Decentralized Control: A Case Study of Russia
Reethika Ramesh, Ram Sundara Raman, Matthew Bernhard, Victor Ongkowijaya, Leonid Evdokimov, Anne Edmundson, Steven Sprecher, Muhammad Ikram, Roya Ensafi
This paper is an in-depth of network censorship in Russia. They characterize the censorship using a combination of direct and remote measurements, testing the entries of a government blocklist to find out where and how they are blocked. The overarching observation is that the Russian government has built an effective information-controls system, despite a network structure that is less centralized than that of China or Iran. The authors fear that Russia may serve as a model for other governments that want to censor but do not have tight control over their network infrastructure. Decentralization poses challenges both for censorship measurement (a single vantage point is not enough) and for circumvention (what works for one person may not work for another).
The censorship model in Russia is one of centralized policy and distributed implementation. The federal service Roskomnadzor maintains the list of what should be blocked, but ISPs are independently responsible for enforcing the blocks, using technical means of their choosing. The authors of the paper obtained several leaked, digitally signed copies of the Roskomnadzor blocklist, consisting of IP addresses, IP subnets, domain names, and domain wildcards. They used the most recent leaked blocklist, dated April 24, 2019, as the input list for all of their active measurements, prefiltered to remove non-responsive destinations (about 25% of the total).
The authors worked with local activists to get access to direct measurement vantage points: 6 data centers VPSes and 14 residential Internet connections. They complemented these with remote measurement vantages: 718 Quack (using echo servers) and 357 Satellite (using open DNS resolvers). From these measurement locations they scanned the entries on the blocklist, finding diversity not only in how much is blocked but in how the blocking is done. Most locations blocked over 90% of the blocklist, but some residential locations blocked only about half, and one data center location blocked almost none (Figure 3). Blocking is implemented in many different ways: IP/port blocking, TCP reset, DNS filtering; sometimes with a blockpage and sometimes without. Residential networks are more likely to show a blockpage, and are overall more highly censored than data center networks.
They characterize the entries of the blocklist. In the style of McDonald et al., they find that about half of blocked domains are hosted on a CDN, and almost all of those are on Cloudflare (Table III).

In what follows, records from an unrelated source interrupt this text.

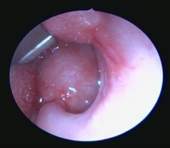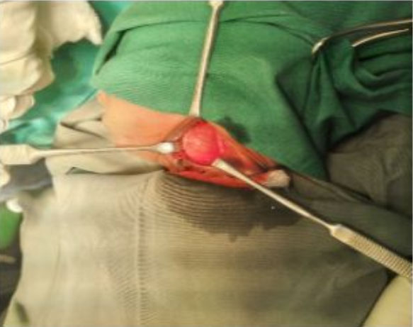 Pre-operative workup was done for the patient and consent was taken for excision of laryngocele ± tracheostomy in case of difficult intubation. Prior to surgical excision of the mass, there was a need to perform a tracheostomy as the baby could not be intubated (Figure 3). Direct laryngoscopy augmented with 2.7 0° endoscope was done under general anesthesia before the excision of the neck mass which showed a left-sided supraglottic mass covered with normal mucosa extending into the airway with significant narrowing of the larynx (Figure 5). Excision of the laryngocele was performed via an external cervical approach (Figure 6). The post-operative period was uneventful with antibiotic [intravenous (iv) ceftriaxone)], analgesic, and steroid. He was decannulated three days post-op. Following decannulation, no pre-operative symptoms (stridor and respiratory distress) were observed. The stoma and left lateral neck wounds were well apposed. Histologic report confirmed diagnosis of congenital laryngocele. A repeat endoscopy was not carried out post-surgery due to lack of pediatric flexible laryngoscope in our center, but the patient has been stable with no sign of recurrence of preoperative complaints and neck mass. At six months post-surgery, the baby was noticed to be healthy with no feature suggestive of recurrence (Figure 7).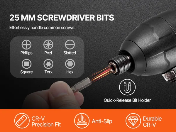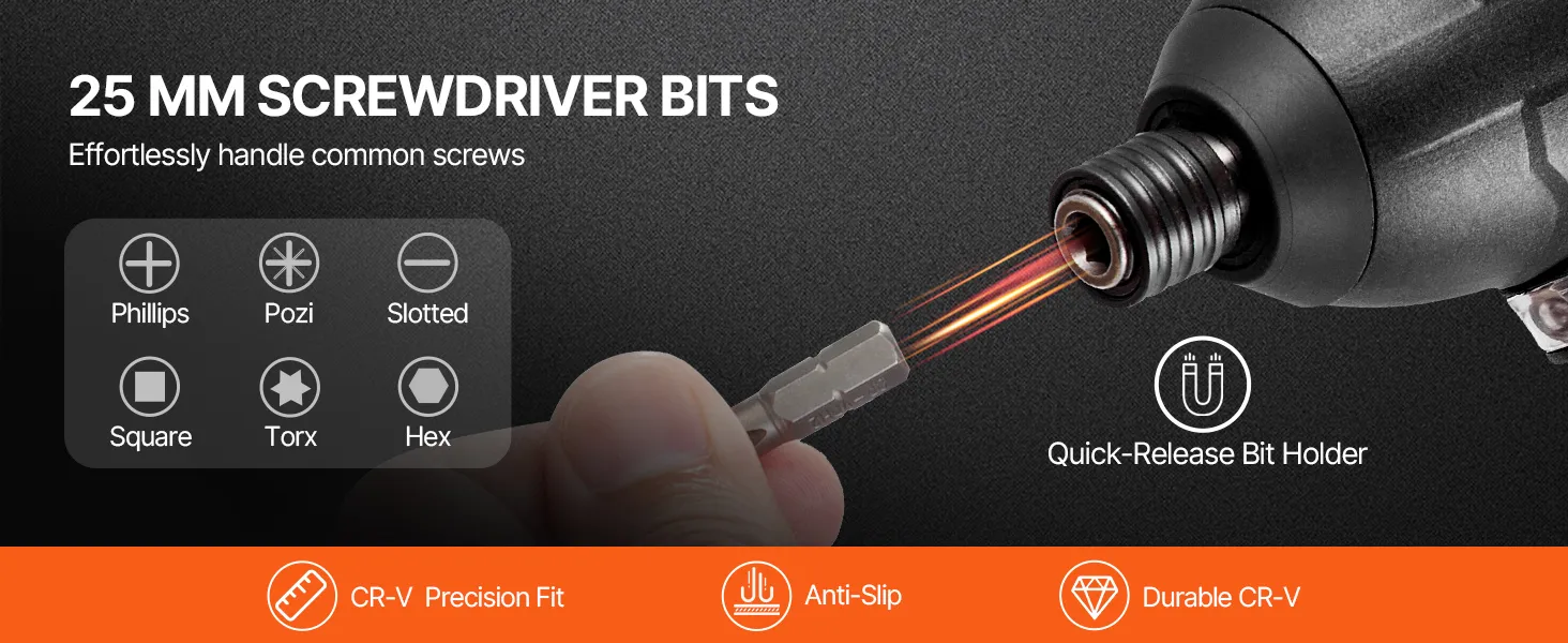Duurzame CR-V-bits: de schroevendraaierbitset is gemaakt van verbeterd CR-V-materiaal voor betere stevigheid en duurzaamheid. Met 56 specificaties zorgt het voor een stevige grip op schroeven zonder te verschuiven, waardoor het bevestigen en losmaken van onderdelen eenvoudig en moeiteloos wordt.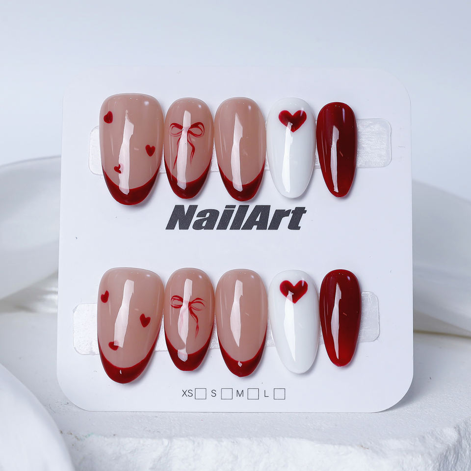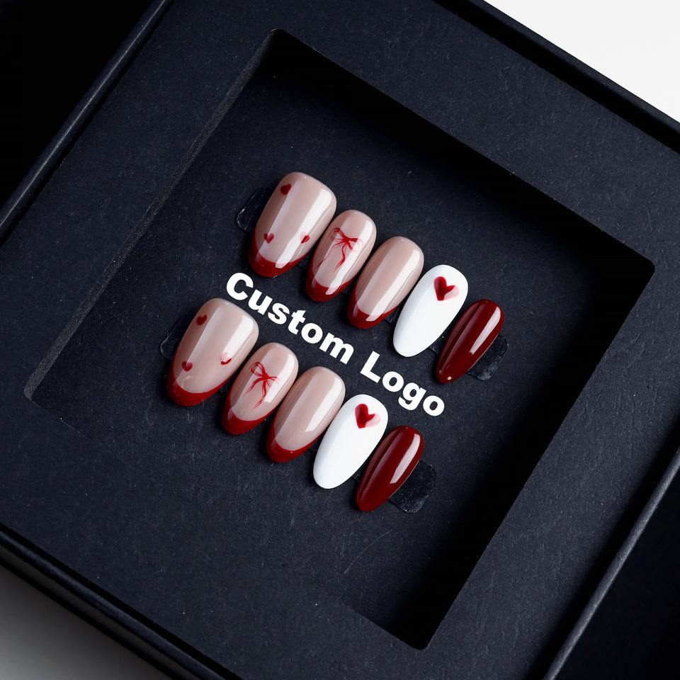 10 pièces de faux ongles en acrylique personnalisés pour la Saint-Valentin, design complet, faits à la main, luxe, vente en gros, art des ongles, faux ongles, faux ongles

Using the techniques of Weinberg et al., they find that the two most common languages of blocked sites are Russian and English, and the two most common topic categories are gambling and pornography (Table IV). The well-known zapret-info repository has maintained a detailed timeline of changes to the government blocklist since 2012. The authors of the paper found it to be in almost complete agreement with their own leaked samples. Analyzing trends over time shows that the number of blocklist entries has accelerated in the last year, with fewer duplicate entries.
Thanks to Reethika Ramesh for comments on a draft of this summary.